実弾発砲、催涙ガス…香港騒乱さらに泥沼化 中国武装警察も本格介入―【私の論評】香港擾乱は「死のハイウェイ」のインパクトに匹敵!中共は「潮時」をわきまえないと滅びの道を歩むことに(゚д゚)!

実弾発砲、催涙ガス…香港騒乱さらに泥沼化 中国武装警察も本格介入


香港のデモが泥沼化している。「逃亡犯条例」改正案を発端に抗議活動が続くなか、警官が実弾を発砲、21歳の男子学生が重体となった。金融街にも催涙弾の白煙が立ちこめ、香港株は暴落した。専門家は中国の習近平政権の鎮圧が一段と強化されると指摘、武装警察に加え、人民解放軍が介入する恐れもあると警告する。
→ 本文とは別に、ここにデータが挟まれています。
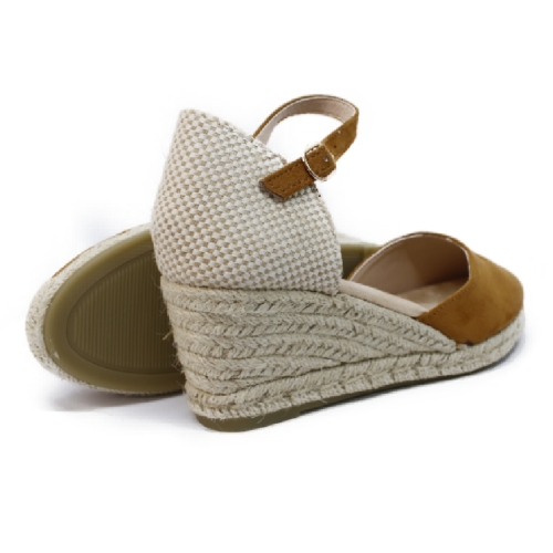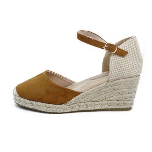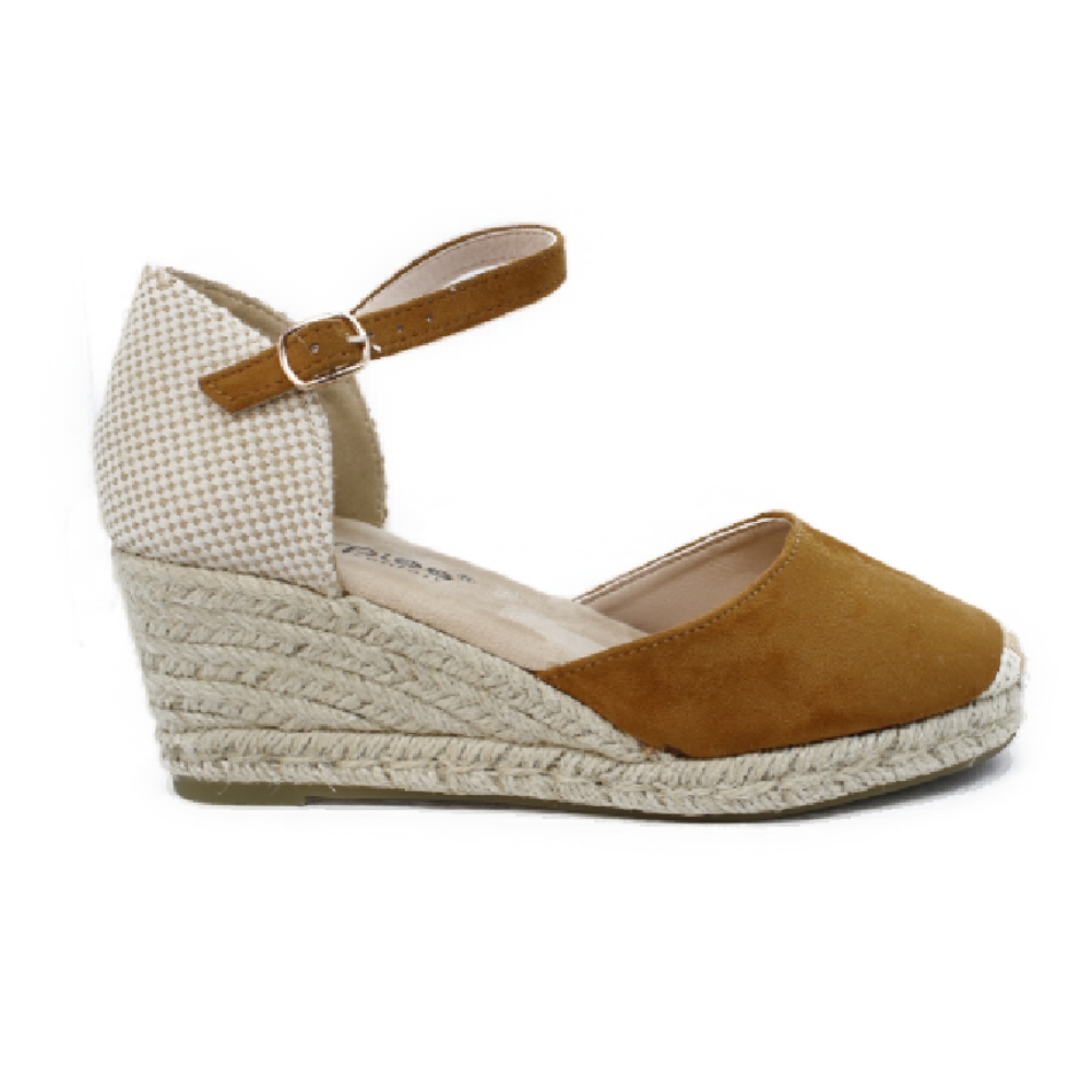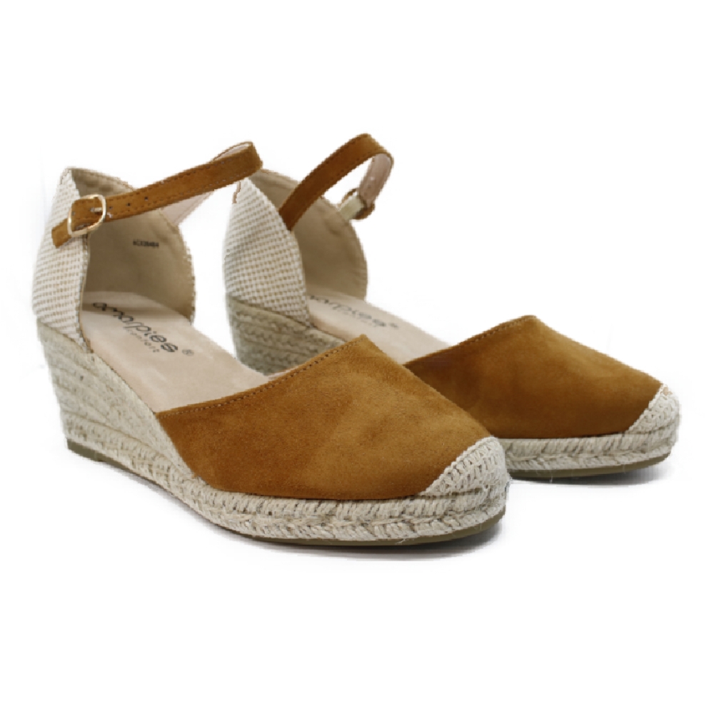 Sandalia valenciana de la marca Amerpies para mujer, realizada en material textil y pulsera de piel con hebilla ajustable que facilita su calce y ajuste al pie. Planta de piel acolchada de gran comodidad y suavidad en la pisada. Cuña de esparto y suela de goma para mayor agarre. Medidas: cuña 7 cm
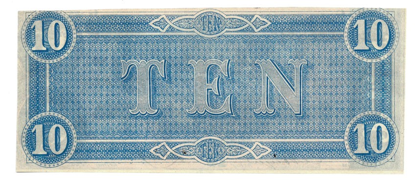 Great Looking 1864 C.S. $10 With Artillery Scene Almost Uncirculated
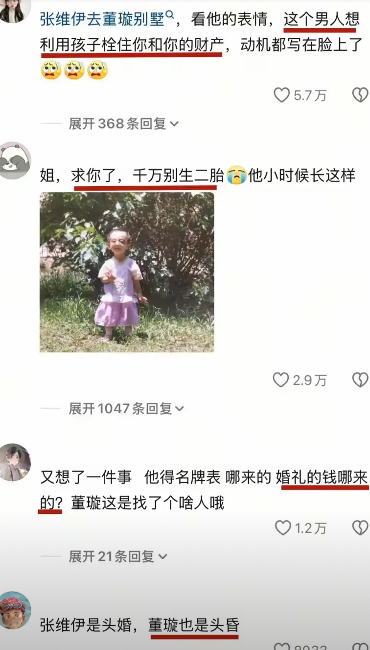 现在的网友真的是一届比一届有才,网友调侃董璇和张维伊的婚姻情况,真的是毫不嘴软: ①董璇和张维伊适合中午在一起,因为早晚得离。 ②张维伊是头婚,董璇是头昏。 ③董璇,这个婚是非结不可嘛? ④老哥,咱是样样都拿不出手啊! ⑤他们说是董璇的经纪人没着了,所以给她报了这个节目,想让网友骂醒她。 ⑥我也是出息了,董璇看上的男人,我居然都看不上。 ⑦张维伊节目上戴的耳机,品牌方不干了,因为好多退货的,哈哈哈哈哈反向带货第一人。
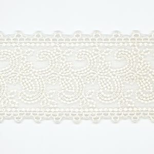 • This is the Embroidered Tulle Lace from SHINDO (S.I.C.). Combining braided lace and embroidered lace, this gorgeous patterned lace harmonizes with the light tulle weave and fine embroidery. It is recommended for casual clothing, dance costumes, children's clothing, and interior accessories. In order to minimize shrinkage during washing and dyeing, all colors, including unbleached ones, have been treated to prevent shrinkage, so if you've ever had a lace sewn to a fabric that has shrunk after washing, don't worry. Three meter-cut products are sold as samples to check the actual product or for prototypes. Please be sure to check the actual product with a three meter-cut product before purchasing in a roll.
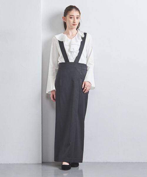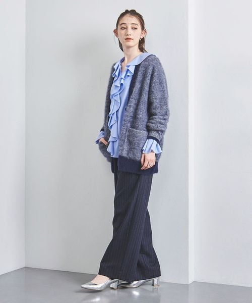 ラッフルフリルを活かしたVネックカーディガンやジャケットのインナーとしてもおすすめ。
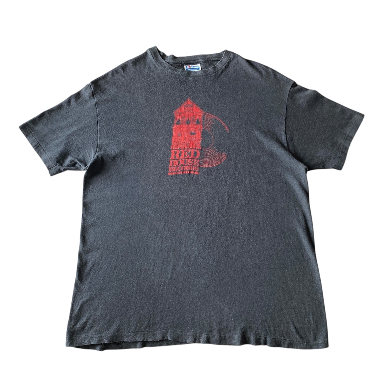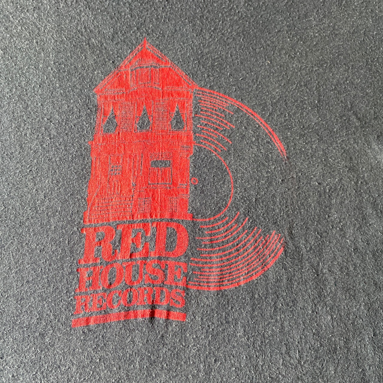1980年代頃〜「レッドハウスレコーズ」ロゴプリントTシャツになります。(1983年設立のフォーク、ブルース、アメリカーナなどのジャンルを扱うレコード会社。60年代のヒットメーカーボブフェルドマンによる。)
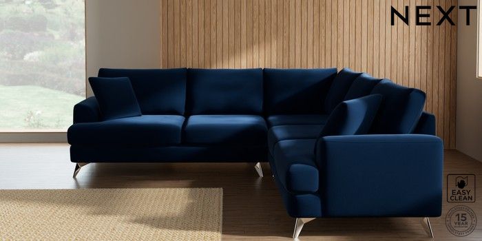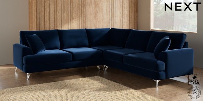 7.2.10 Parker Medium Corner Sofa - Universal Plush Velvet Easy Clean Navy Blue High Metal - Chrome | Made Click here to use our website with more accessibility support, for example screen readers

香港島東部・西湾河の地下鉄駅前で11日、道路に障害物を置くなど抗議活動を行っていた若者と黄色いベストを着用した警官がもみ合いとなり、そこに近づいた黒シャツ、マスク姿の男子学生が、1メートルも満たないような至近距離で警官から発砲を受けた。

撃たれた男性は腹部から流血したが警官は手当てをする様子もなく、荒々しくうつぶせに拘束。別の若者が近づいた際にも2発撃った。

報道によると、男子学生は集中治療室(ICU)に入り、緊急手術を受けた。銃弾は脊髄付近に届き、肝臓や腎臓の一部が傷ついたため切除したという。

発砲による負傷者は10月の2人に続き3人目だが、香港警察は「脅威を感じたため発砲した。事前に警告する時間はなかった」と正当性を主張。林鄭月娥行政長官も「暴力行為を社会全体が厳しく非難すべきだ」と同調し、今後も厳しく取り締まる方針を表明した。

評論家の石平氏は「今月に入って林鄭長官は、習主席と面会し、長官への“信頼”という名の圧力をかけられた。そのため香港に戻った後、鎮圧がエスカレートしている。もはや市民と政府との関係は修復できないだろう」と解説する。

自由経済都市としての香港も失われつつある。銀行や証券会社が集まる金融街セントラル(中環)では白い催涙ガスが立ちこめ、スーツ姿の会社員ら大勢の市民が逃げ惑った。

■香港株は暴落

11日の香港株式市場でハンセン指数は2・62%下落。1日当たりの下げ幅としては過去3カ月で最大となった。

ネット上には、1人の市民を4人ほどの警官が取り囲み、警棒で袋だたきにする様子や、バイクに乗った警官が市民を意図的にはねようとする映像も投稿されている。



前出の石平氏は「習政権の体制維持のために、市民と香港そのものが二重の意味で“殺されている”。中国の武装した公安警察が香港警察に入り込んでおり、今後、鎮圧の規模を拡大させるだろう。それでも国際社会が無視し続けるのならば、最後は人民解放軍が市民を襲う恐れもある」と指摘した。

第二の天安門事件の現実味が日に日に強まっている。

【私の論評】香港擾乱は「死のハイウェイ」のインパクトに匹敵!中共は「潮時」をわきまえないと滅びの道を歩むことに(゚д゚)!



香港の様子は、サイトの動画等で今何が起こっているのかがよくわかります。これらの、動画は世界中に拡散されています。

これによってどのようなことが起こるのか、考えてみたいと思います。これらの動画が与えるインパクトは相当なものです。

私が、これらの動画を見ていて思い出したのは、28年前、戦争史上最悪の大虐殺のひとつと言われた、クウェートの町から32キロ西にあるイラクのハイウェイ80で起きた奇襲攻撃のことです。

多国籍軍が数キロの長さに渡って渋滞に掴まった車両を軍民問わずに爆撃したこの道路は後に「死のハイウェイ」称されました。下にショッキングな写真を掲載します。

死のハイウェイで撮影されたイラク兵の焼死体


この写真は、最初は多くの人々から公表するのは、残酷すぎると見なされていましたが、後に最初の湾岸戦争の最も有名な画像の1つになりました。この写真はケン・ジャレックにより撮影されました。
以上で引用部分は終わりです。